Unless you happen to know that John Lawrence is my uncle, how can you decipher that? Anyway, why should you have to? It’s our duty, as proper professional writers, to make the meaning clear to our readers and not to subject them to an unnecessary cognitive load.

Damned if you (always) don’t

We should always shun the serial comma, then? Not so fast. Try this:

I admire my parents, Marcello Mastroianni and Sophia Loren.

Now it looks like Mastroianni and Sophia are my parents. And, to debunk the “it’s always clear from the context” theory again, the problem persists with:

I admire my parents, Derek Lawrence and Kathryn Lawrence.

(Kath is my auntie.)

Use the serial comma when necessary; omit it when necessary.

When you really ought to omit it:

  • When the second item in a list could be mistaken for a synonym for the first (as with the “my dad” example).
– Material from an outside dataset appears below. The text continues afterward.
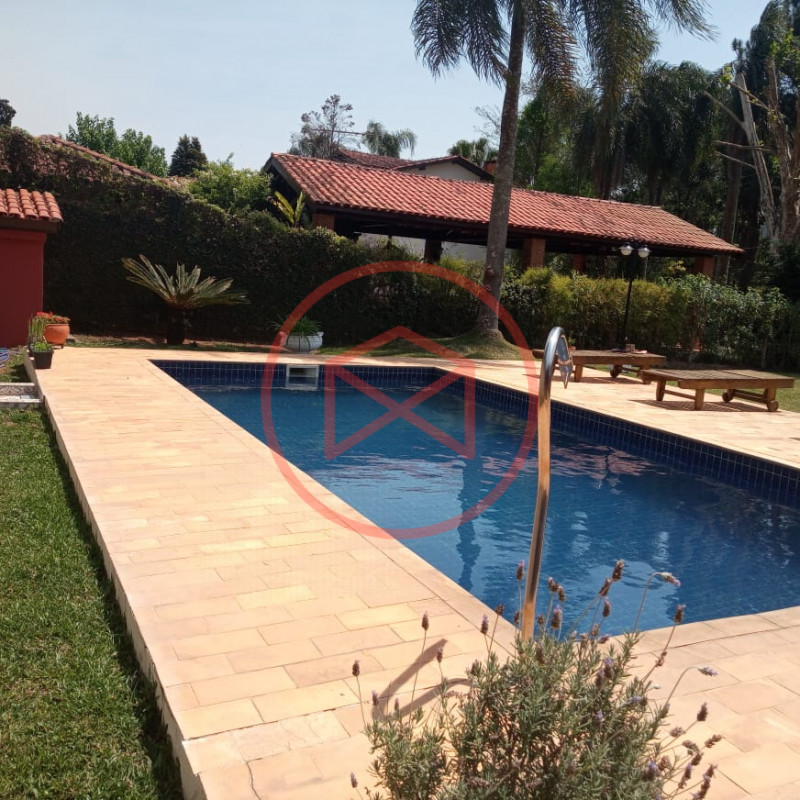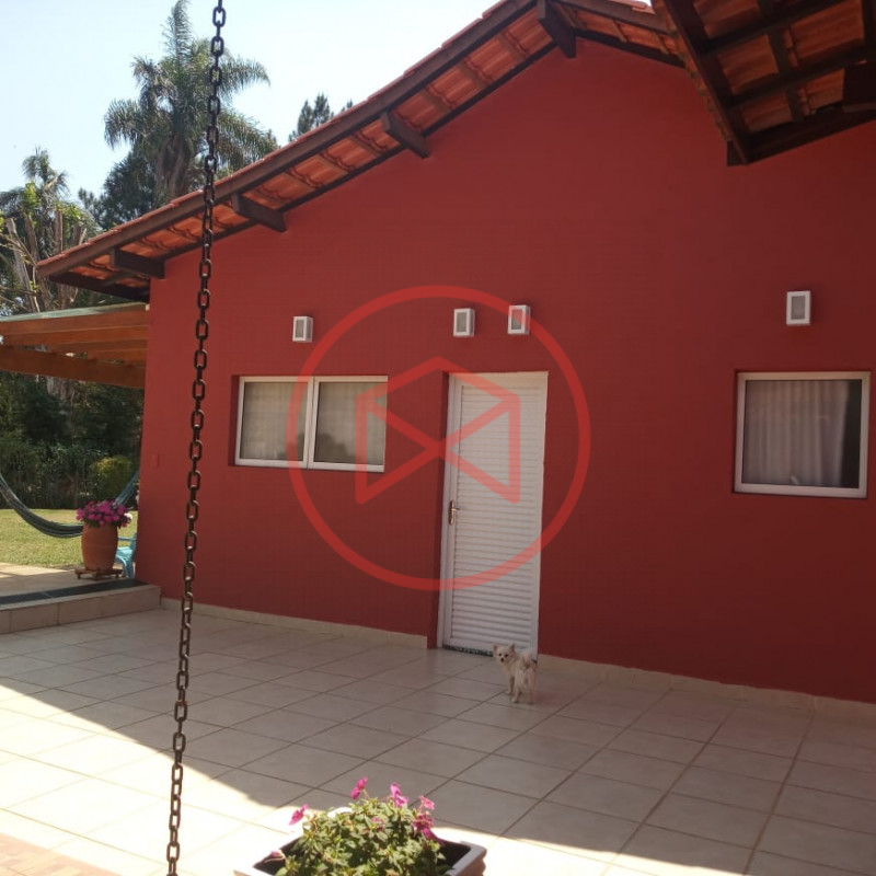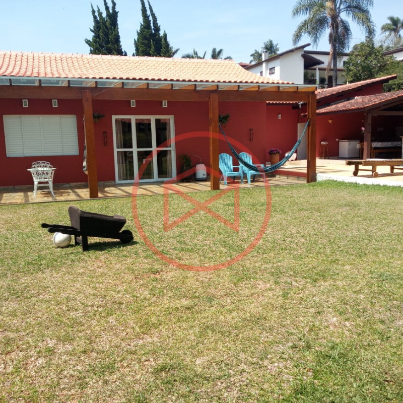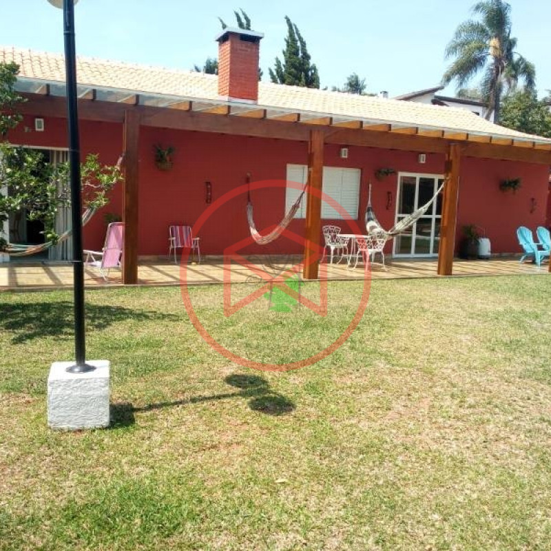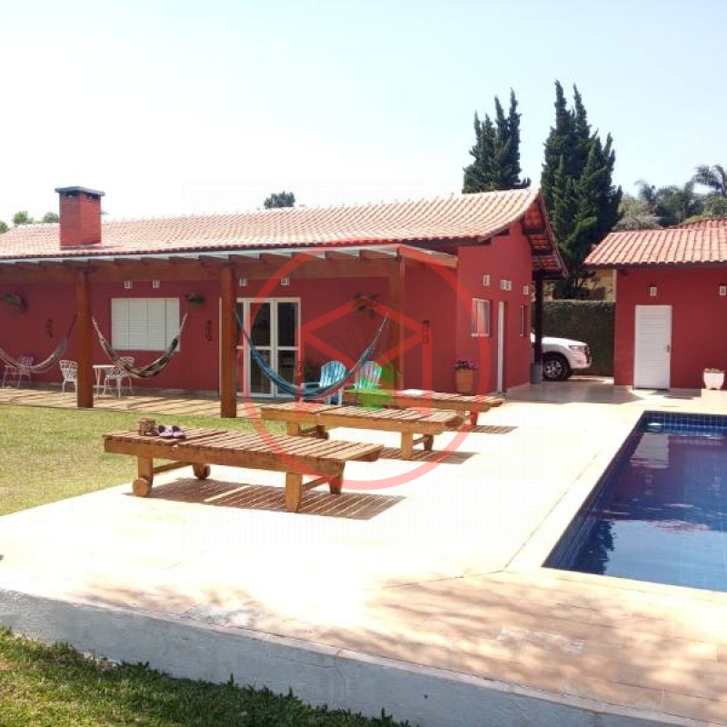 Terreno total de 800 mts². Topografia com ótimo aproveitamento e totalmente plano e gramado. Acima do nível da rua. Área construída de 280 mts² tudo novo e conservado. Casa com 5 dormitórios sendo 1 suíte. Sala com 2 ambientes com pé-direito-alto com lareira com acesso à varanda (sendo sala de jantar, estar), ampla cozinha com copa, wc social e àrea de serviço. Espaço Gourmet com churrasqueira. Piscina em alvenaria com cascata, ducha e deck de pedra mineira. Jardim com paisagismo moderno. Pomar com àrvores frutíferas. Pergolado. Espaço para estacionar 5 veículos. Totalmente cercado com muro e entrada padrão de chácara. Além das belas paisagens, o condomínio conta com ruas pavimentadas, calçadas e uma ótima infraestrutura de lazer, muito bem localizado na beira da pista principal de Ibiúna, com segurança 24 horas, portaria e ronda motorizada, clube social completo com piscinas adulto e infantil, restaurante, lagos para pesca, amplo quiosque para eventos, festas e jogos, churrasqueiras, quadra poliesportiva, playground, 03 quadras de tênis, 02 campos de futebol, praças, grande pomar comunitário, entre outros atrativos, conforto e segurança, somente 50 minutos de São Paulo, more com tranquilidade em lugar de beleza incomum, cercado por mata nativa e lindas residências, onde 70% são moradores, ideal para moradia e lazer.

When you really ought to use it:

  • When the second and third items in a list, taken together, could be mistaken for a synonym for the first (as with the “my parents” example).
  • To make clear which words form part of the second item in a list and which form part of the third: cannelloni, burger, and chips and dips vs cannelloni, burger and chips, and dips (Otherwise, the chips become something of a moveable feast.)
  • To clarify that an adjective modifying the second item in a list doesn’t also modify the third: boys, old men, and women (the women aren’t necessarily old). You could rewrite as boys, women and old men, although I wouldn’t with boys, old men, and dental hygienists, where the longest element works best at the end, for reasons of rhythm
  • To emphasise a pause in a sentence written to be spoken out loud, e.g. for a dramatic voice-over: The ERR requisitioned books, artworks, and political material.

What about the rest of the time, when it doesn’t matter either way? Some style guides, like the Economist, favour omitting it; others, like the Oxford University Press style want it in. American writers tend perhaps to use it more than Brits do.

But where it doesn’t do anything – anything at all, as in Tom, Dick, and Harry (where “and” already separates the last two words) – why use it? What is the virtue in a consistency for consistency’s sake, of using something even when it has no function? Omit needless words, someone once said, so omit needless punctuation, too.